É constrangedor contar esta minha historia, mas ao mesmo tempo necessário. Dois anos, muito tempo para um andarilho, eu era apenas uma criança medíocre. Era como se minha existência não arranhasse a camada mais superficial da própria existência, tornando-se insignificante. Eu não influenciava a vida de ninguém, não afetava nenhuma memória. Era como se não existisse. Mas aos poucos isso mudou; eu conheci um grupo de viajantes que migrava de Kumogakure para Konoha. Decidi viajar com eles e assim tornei-me um Genin, o resto vocês sabem de histórias passadas.

Quando resolvi mudar de vida novamente, afinal, nunca contentei-me em uma zona de conforto. Tomei a decisão de viajar pelo mundo e conhecer novos lugares. Por coincidência, um dos garotos que imigrantes que viajara comigo na vez passada estava indo para o país da neve. Segui-o para o tal país da neve. Seu nome o precedia, havia apenas neve por todo lado. Passamos horas com dificuldades para andar, inundados por um mar branco até as canelas. Isso, por si só, era um árduo treinamento para as pernas, que esquentavam tanto com o sofrimento que pareciam que iam derreter o gelo a qualquer minuto. Isto, obviamente, não aconteceu. Fomos para um pequeno vilarejo, com pessoas novas para conversar, um povo gentil e agradável.
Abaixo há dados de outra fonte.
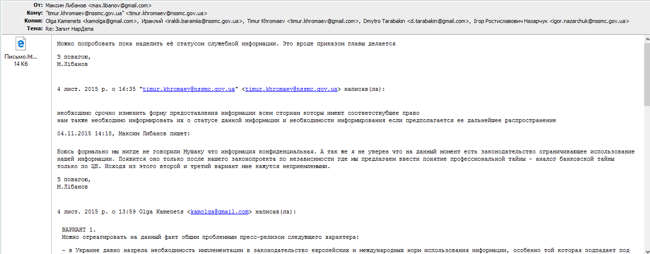 При этом советник Ольга Каменец предлагает заявить от имени Нацкомиссии, что они не передавали в СМИ конфиденциальную информацию и что депутат Мушак должен нести ответственность в рамках украинского законодательства. Чтобы отвести удар от Тимура Хромаева, Каменец предлагает «написать гневное письмо Мушаку, и на базе этого письма дать новость в СМИ». Мало того, что информация конфиденциальная, она, судя по тезисам Ольги Каменец еще и искаженная, и подводит к тому, что Нацкомиссия манипулирует информацией в своих интересах. В переписке она предлагает озвучить, что «данные вырванные из контекста могут привести к навязыванию конкретных выводов».
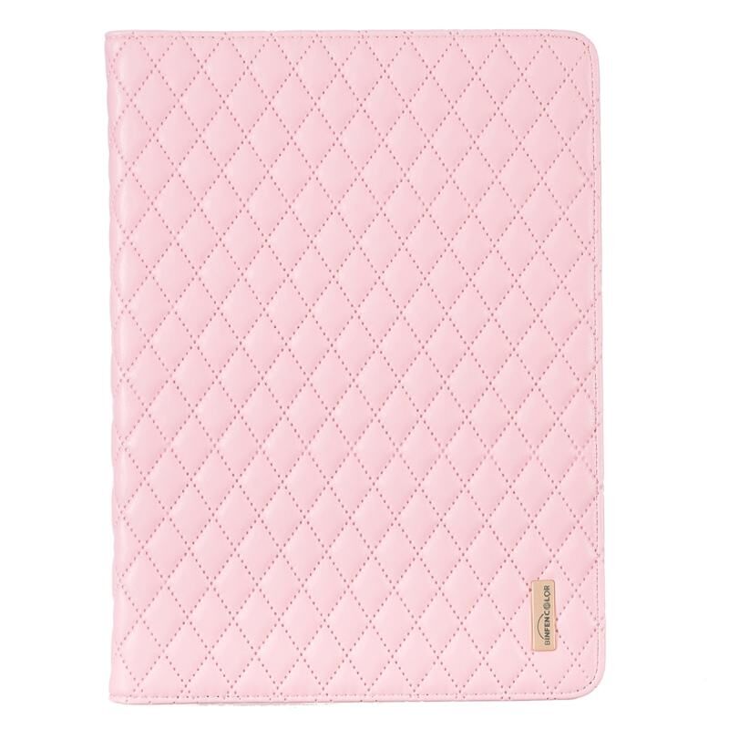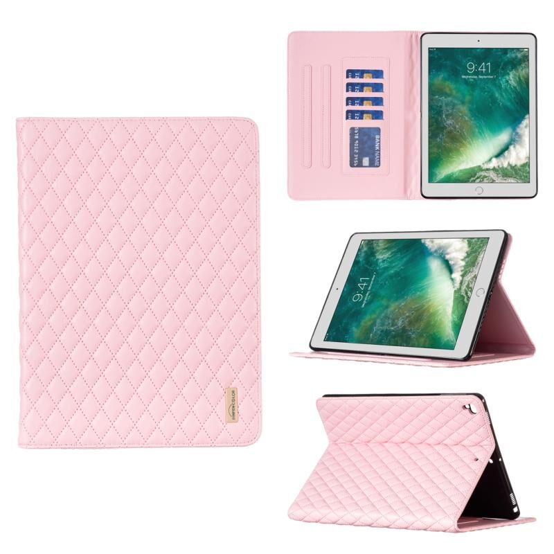 Θήκη δερμάτινη οριζόντιας αναδίπλωσης για iPad 8 / 7 / 6 / 5 9,7 ιντσών με κομψό ανάγλυφο ρόμβου (Ροζ)
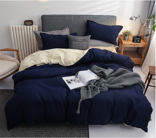 Double Size 4 Piece Quilt Cover Bedding Set Luxurious Navy and Cream
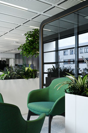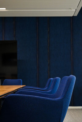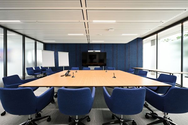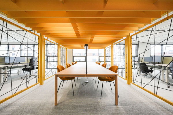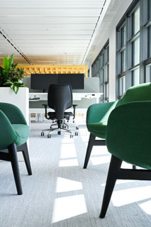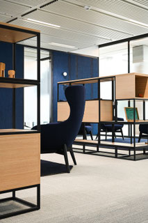 Les espaces collaboratifs prennent ensuite le relais. Mêlant vert-de-gris et bleu de travail, ils traduisent une volonté d’efficacité et de coopération. On y trouve les cabines acoustiques, des salles de réunion allant du formel à l’informel, mais aussi des zones ouvertes de type breakout zone qui favorisent les échanges en mouvement.
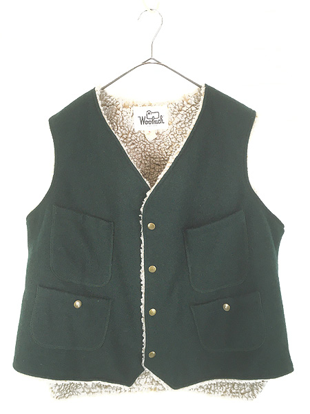 古着 70s USA製 WoolRich ボア フリース ライナー 無地 ソリッド メルトン ウール ビーチ ベスト L
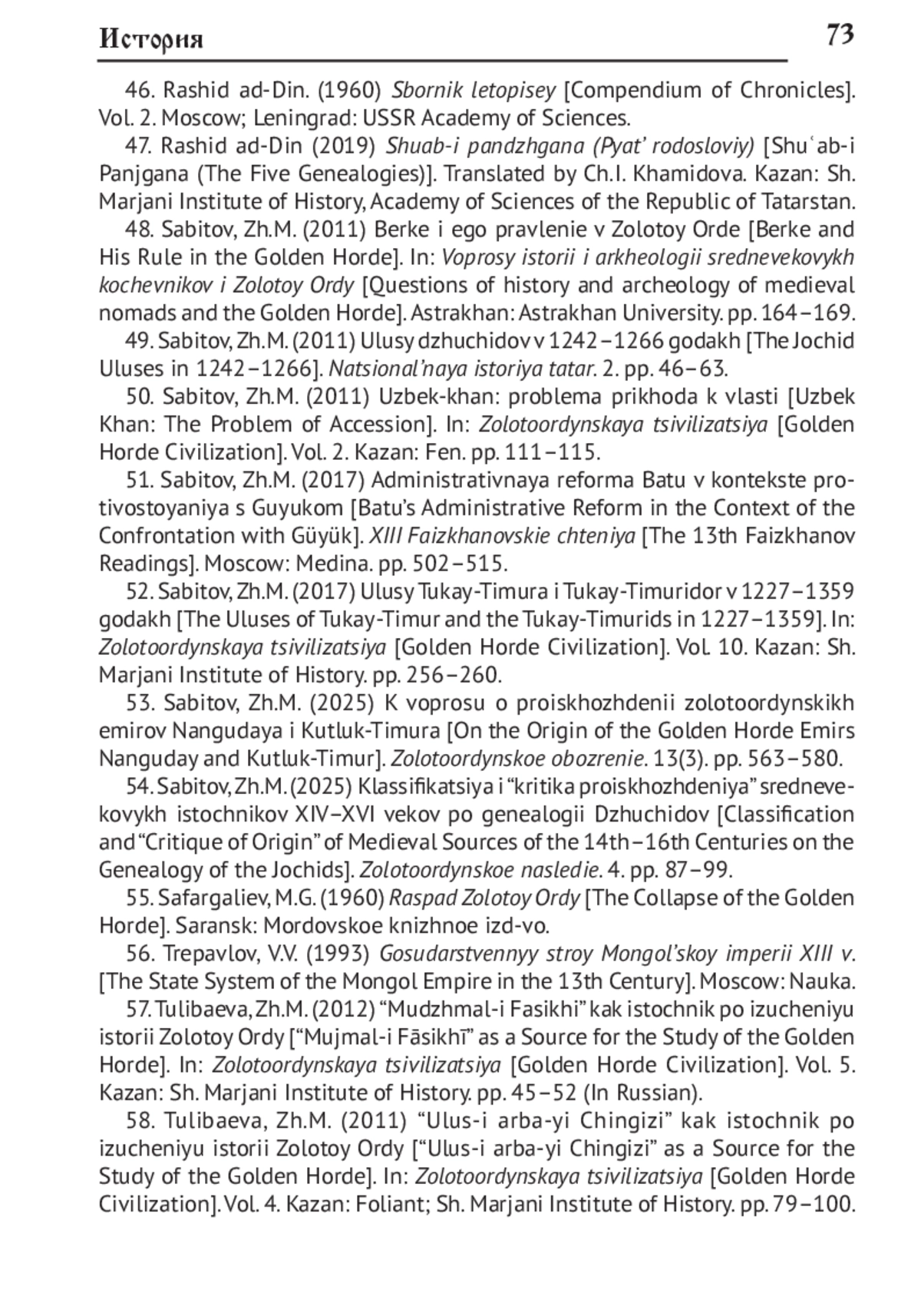 54. Сабитов Ж.М. Классификация и “критика происхождения” средневековых источников XIV-XVI веков по генеалогии Джучидов // Золотоордынское наследие. 2025. № 4. С. 87-99.

Lá haviam seus próprios anciões, homens sábios que me disseram coisas valiosas sobre o inverno, e foi lá onde aprendi seu lema marcante: "O inverno está chegando..." dizia os velhos, curiosamente. Mas, se aquilo não era inverno para eles, como seria quando este chegasse deveria ser assustador.
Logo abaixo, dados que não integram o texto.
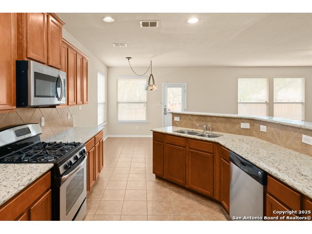 Nestled in the sought-after Riverstone of Alamo Ranch community, this well-maintained 2,704 sq. ft. home offers a perfect blend of space and comfort. Featuring two living areas, a versatile game room, and four generously sized bedrooms, this home is designed for both relaxation and entertaining. The large primary suite is a true retreat, boasting a separate tub and shower, dual vanities, and two walk-in closets for ample storage. Recent updates include fresh interior paint and brand-new carpet, giving the home a modern and inviting feel. The community offers fantastic amenities, including a pool and park, while the prime location provides easy access to shopping, dining, and major roadways. Don't miss the opportunity to make this beautiful home yours-schedule a showing today!
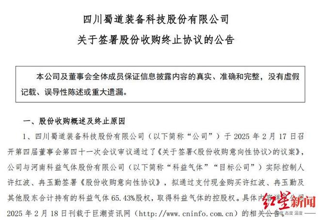 关键条款未达成一致,蜀道装备拟终止收购科益气体
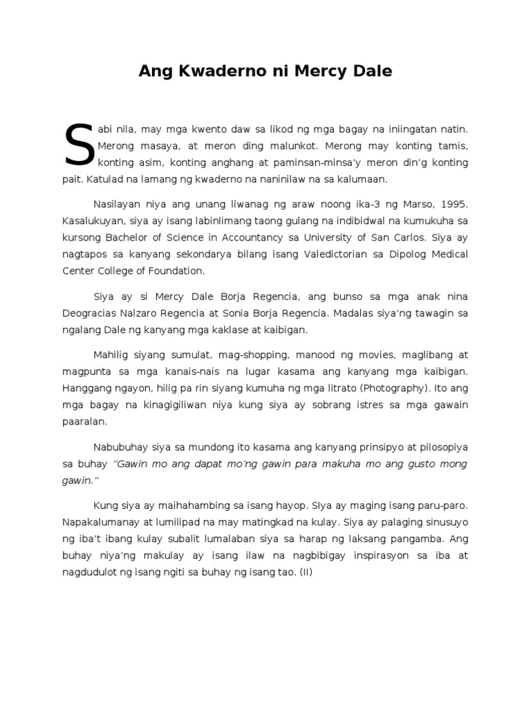 Damasco labingwalong taong gulang. Ako si Kimberly Maranan Ramosipinanganak noong taong 1995ika-23 sa buwan ng Pebrero sa dakong ika-8 ng umagaLabing lima taong gulang at nakatira sa Green Valley SubdivisionSan FranciscoCalihan San Pablo CityLagunaSa Col. Ang sakit na dulot ng kanyang nagawa ang nagdulot sa aking kalimutan iya katulad ng kanyang ginawa.
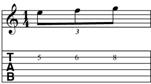 A position is usually defined as a four-fret section of the fingerboard.  If the scale is broken down into positional components, we end up with a series of three-note shapes.  We’ll number each one from the scale degree for now:
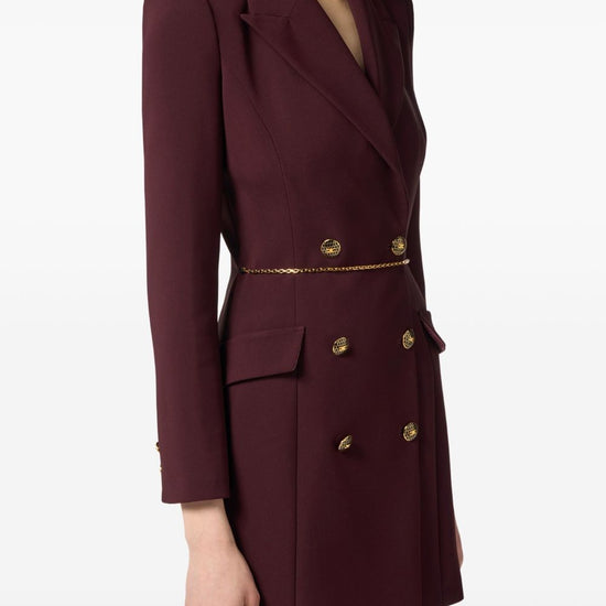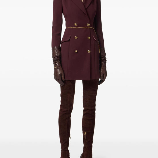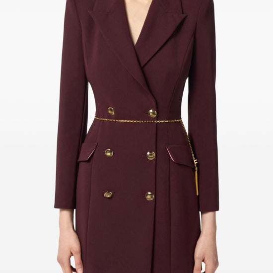 Merlot crêpe fabric double-breasted closure chain belt double-breasted short dress
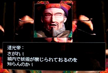 道光帝:「騒ぎを起こしていたのはお前か。さがれ!城内で妖術が禁じられておるのを知らんのか!さがれ!今は旅人風情の相手をしている暇などない。さあ、さがれ!何者だお前は!ここになんの用がある!天道式が無事に終わるまで妖術はならん。騒ぎも起こすな。ただちに城下にさがれ!」
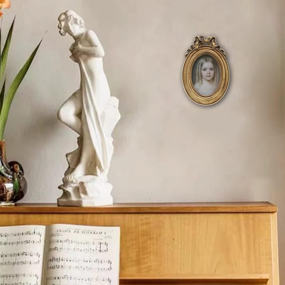 - ATTRACTIVE LOOK: The beautiful tiny frame is hand crafted in gorgeous bronze gold color. It looks warm and appealing. Special vintage oval appearance with perfect details. Outline border dimensions are 3.8x5.6 inch and made to display a 2.5x3.5 inch oval photo. It will light your home and make your room look more like a work of art.
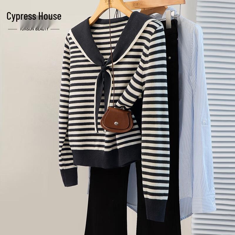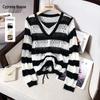 Damen Wollmischung Gestreifter Strickpullover

Por mais que eu tivesse adorado a companhia dos habitantes, tivemos que partir assim que tínhamos força. No caminho para nosso destino, a vila principal, sofremos um terrível ataque. E ambos fomos derrotados em instantes, sem sequer ter uma chance de vitória perante uma força esmagadoramente melhor. Um espadachim, mil vezes superior a mim, derrotou-nos. E tudo que pude fazer foi observá-lo matar meu acompanhante, sem poder salvá-lo. Este é o momento em que começa... a febre, o sentimento de impotência, que transforma homens bons em cruéis. Desmaiei logo em seguida, mas acordei em uma estalagem, coberto por uma pele de animal, não tinha visão para identificar qual. Sentia que havia sido drogado, mas qualquer coisa era melhor do que estar morto. Um homem velho, cabelos grisalhos e cicatriz no rosto estava sentado ao meu lado, contando as gotas de um remédio qualquer. Me olhou de relance e notou que eu estava acordado. "Já estava na hora, pensei que teria que cuidar de você o verão todo" disse ele, de cara emburrada. Não tinha forças para falar ainda, mesmo que houvesse tentado, nada saía da minha boca. Diabos, não tinha forças nem para sentir dor. Era o fim.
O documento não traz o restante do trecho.